What: Shares of Franks International (NYSE:FI) are getting hammered on Thursday and were down more than 10% at 11:30 a.m. EDT.
So what: Fueling the sell-off was the company's abysmal second-quarter report. Revenue slumped 52.5% year over year to $120.9 million, which missed the consensus estimate by $19.1 million. That led to a much steeper loss than analysts were expecting, with the company reporting an adjusted loss of $22 million, or $0.14 per share, which was $0.13 per share steeper than analysts' anticipated.
Driving the company's poor showing, according to CEO Gary Luquette, was the fact that the "offshore tubular running services business were adversely impacted as a majority of rigs that exited the market were serviced by Frank's and located in our two primary regions of West Africa and the U.S. Gulf of Mexico." Because of that impact the company announced it was slashing its dividend by 50% to improve its cash flow as it navigates a challenging market.
Franks International was a bit harder hit than some other oil-field service peers during the quarter, partially due to its focus on those two primary markets.
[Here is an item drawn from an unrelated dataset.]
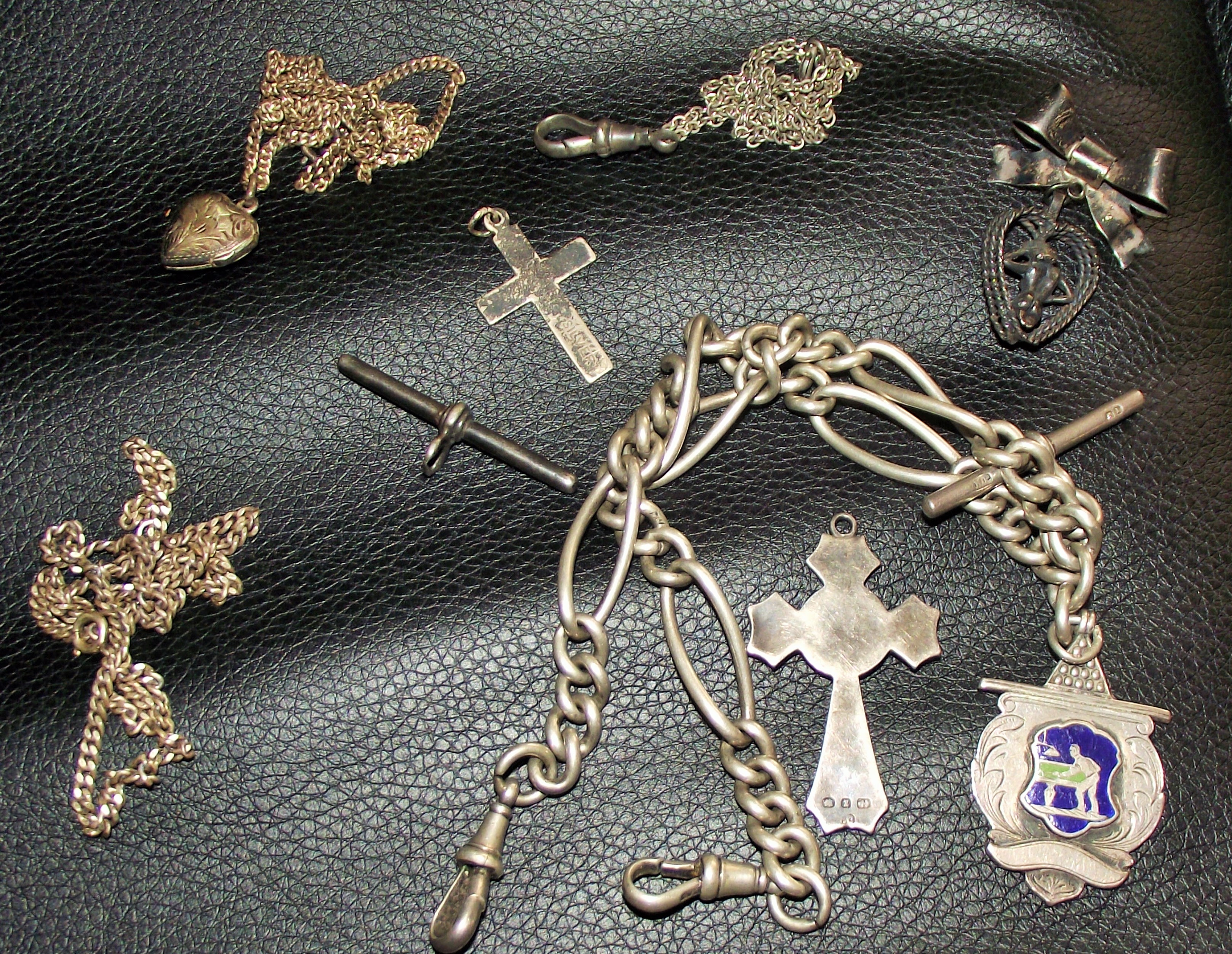 Silver double albert chain with elongated links marked on each link+ Silver crosses , T bar , locket & chain , brooch 100g approx etc

Larger diversified rival Weatherford International (NYSE:WFT), for example, beat analysts' expectations due in part to strength in Eastern Hemisphere markets, which saw a 4% increase in revenue over last quarter. That helped offset the sharp activity reduction that Weatherford International also experienced in West Africa. As a result, Weatherford International's revenue decline was a slightly more moderate 41% over last year's second quarter and down just 11% over last quarter compared to a 21% sequential decline at Franks International.
Now what: While times were tough in the second quarter, Franks International sees some positive signs on the horizon. Luquette noted that the company has had "increased inquires to our U.S. onshore, and Tubular Sales businesses give us some confidence that portions of our business are stabilizing." While he is not ready to call a bottom in the company's results, he believes that decisions, such as the one to reduce its dividend, position the company to not only navigate through the current market, but capture the upside of the eventual upcycle.